Comedy Quotes & Jokes / page 582
My recipe for dealing with anger and frustration: set the kitchen timer for twenty minutes, cry, rant, and rave, and at the sound of the bell, simmer down and go about business as usual.
So hello! I'm good at hello, I'm not very good with goodbye, especially on the phone. I don't know what's happened, every time I say goodbye I sound like a fucking idiot. What is it? You sound like a child, you feel it coming when you're on the phone. It can be a very serious conversation "of course I'll be at the funeral, I loved your father deeply, I'll say a few words. [high pitched] Byeeeeee!" Why am I doing that?
Some people are against porno and I say, “Hey, whatever a man and a woman and another woman with a penis and a midget do to a donkey, that’s their business.”
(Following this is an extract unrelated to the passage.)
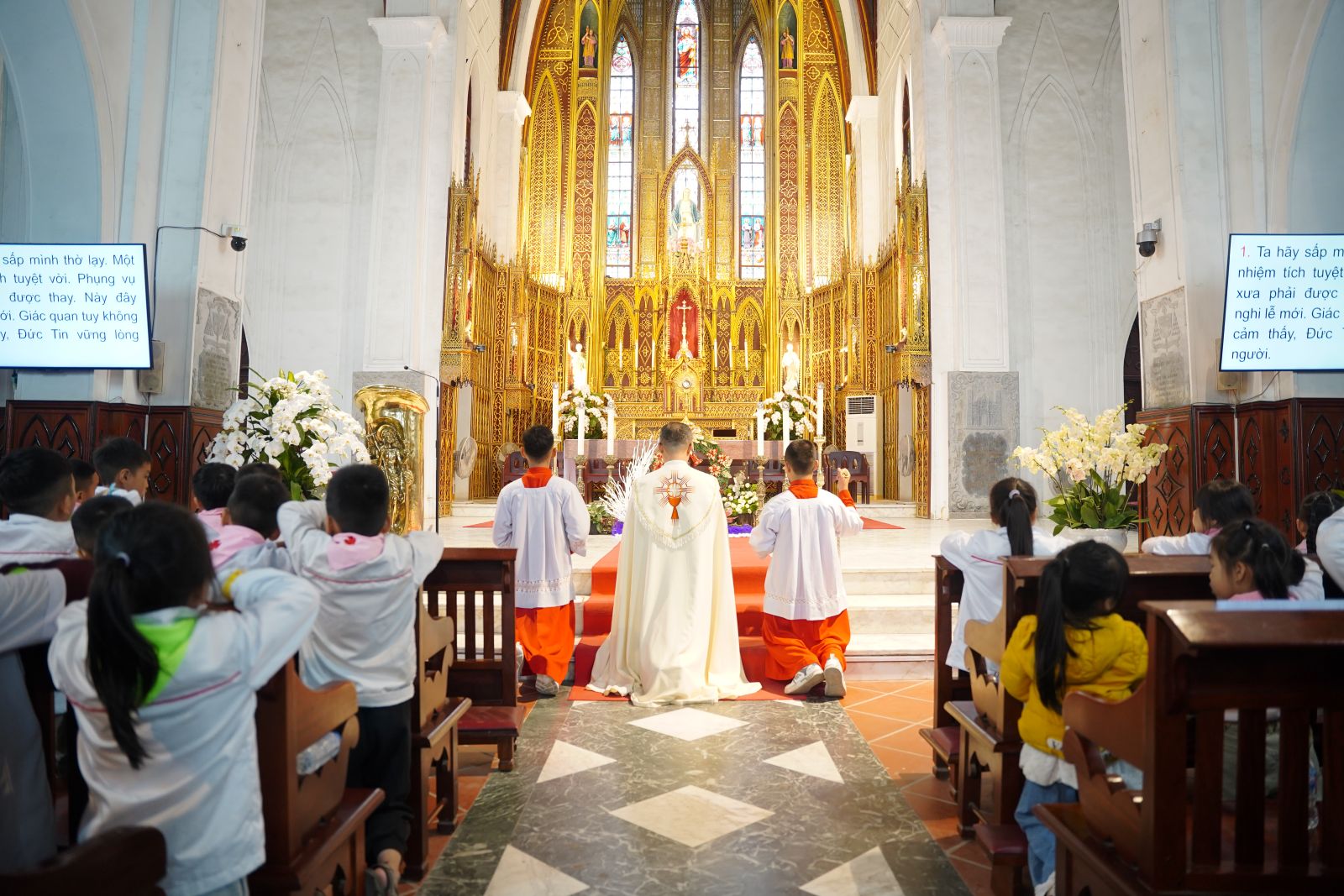 Cao điểm của ngày hành hương là Thánh lễ do Cha Giuse long trọng cử hành vào lúc 10h30. Các em tham dự Thánh lễ sốt sắng, từng lời nguyện chân thành và tiếng ca đơn sơ của các em là lễ vật đẹp nhất dâng về Thiên Chúa và Đức Mẹ.

If you want to stop two people from having sex, let them get married.
I watched Master Class with Lorne Michaels on OWN. How can somebody produce a sketch show and talk for an hour and not say something even slightly amusing, or sarcastic, or ironic, or interesting, or informative? ‘My mission as a producer is to encourage creativity.’ Mission accomplished.
If you eat a lot of spicy food, you can damage your sense of taste. When I was in Mexico last year, I was listening to a lot of Michael Bolton.
USA Today has come out with a new survey - apparently, three out of every four people make up 75% of the population.
I'm cool with failing so long as I know that there are people around me that love me unconditionally.
You might be a redneck if you owe the taxidermist more than your annual income.
The greatest missile in the world is useless... unless it's targeted. A torpedo is adrift unless it has someplace to go. An arrow is pointless unless it hits something. So it's important for kids - for everyone, even if you fail at first - to target something and head in that direction. With all your might.
I think we can all agree that sleeping around is a great way to meet people.